Smartest people in the room assumed that we would never, ever again be fighting an open ocean naval campaign. The Pacific is mighty open and blue the last time I checked. With that shift in thinking, leadership in the five sided pleasure palace placed a bet that the Pacific, Atlantic, and Indian Oceans could be treated like the bathtub that is the Caribbean.

"The Navy’s transformation plan would retire all Spruance class destroyers and the first five Ticonderoga class cruisers by late 2006—well before the end of their expected service lives. It would also upgrade the combat systems and reliability of the remaining Ticonderogas and Perry class frigates. The Navy’s main focus, however, is on buying the DD(X) future destroyer, starting in 2005; the littoral combat ship (LCS), also starting in 2005; and the CG(X) future cruiser, beginning around 2014."
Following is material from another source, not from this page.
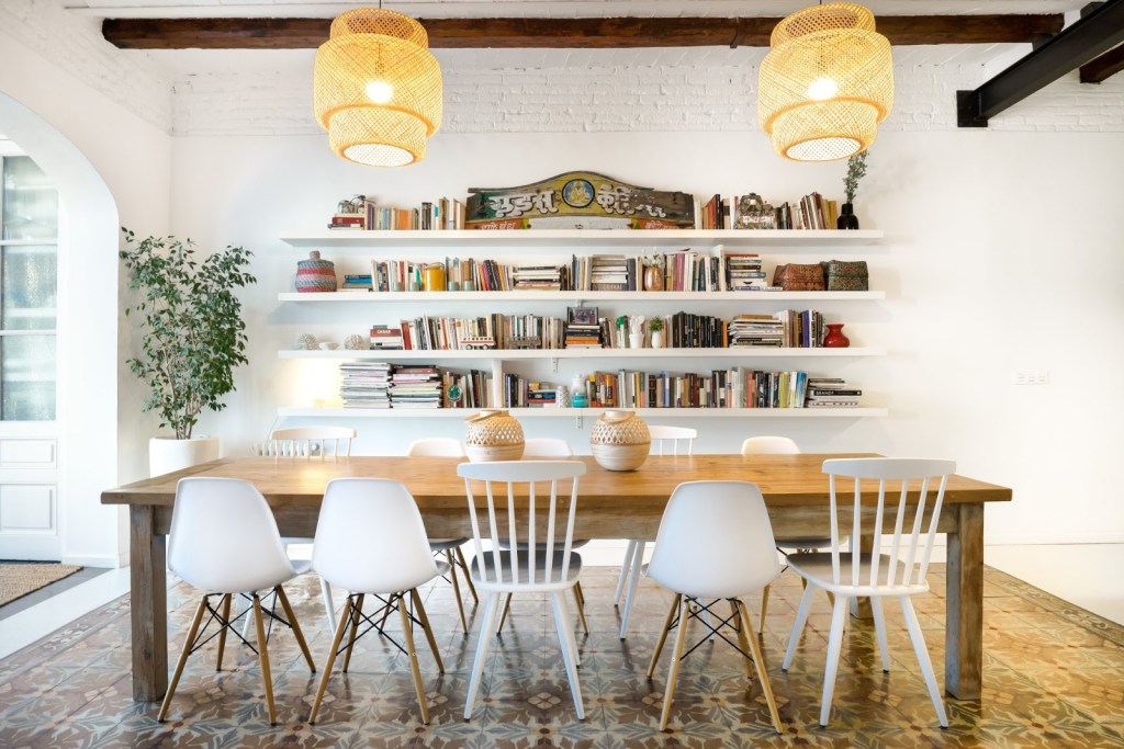 Più minimalista, questa casa Airbnb Plus a Barcellona sfrutta la libreria come elemento d’arredo della zona giorno. I libri sono in questo caso il tocco di colore che mancava in una casa dove domina il bianco.

Well, here we are in 2024. Zumwalts and (graciously) Less than Capable Seaframes are essentially worthless and CG(X) was aborted faster than a fetus in a van outside the Chicago DNC convention.

"In the past year, senior Navy admirals have argued that they need 375 ships to perform all of the missions asked of the service. By far the biggest change in force goals is the increase in the desired number of surface combatants to 160."

Wow! 375? That kinda sounds like the PLAN fleet. This opus has aged very well.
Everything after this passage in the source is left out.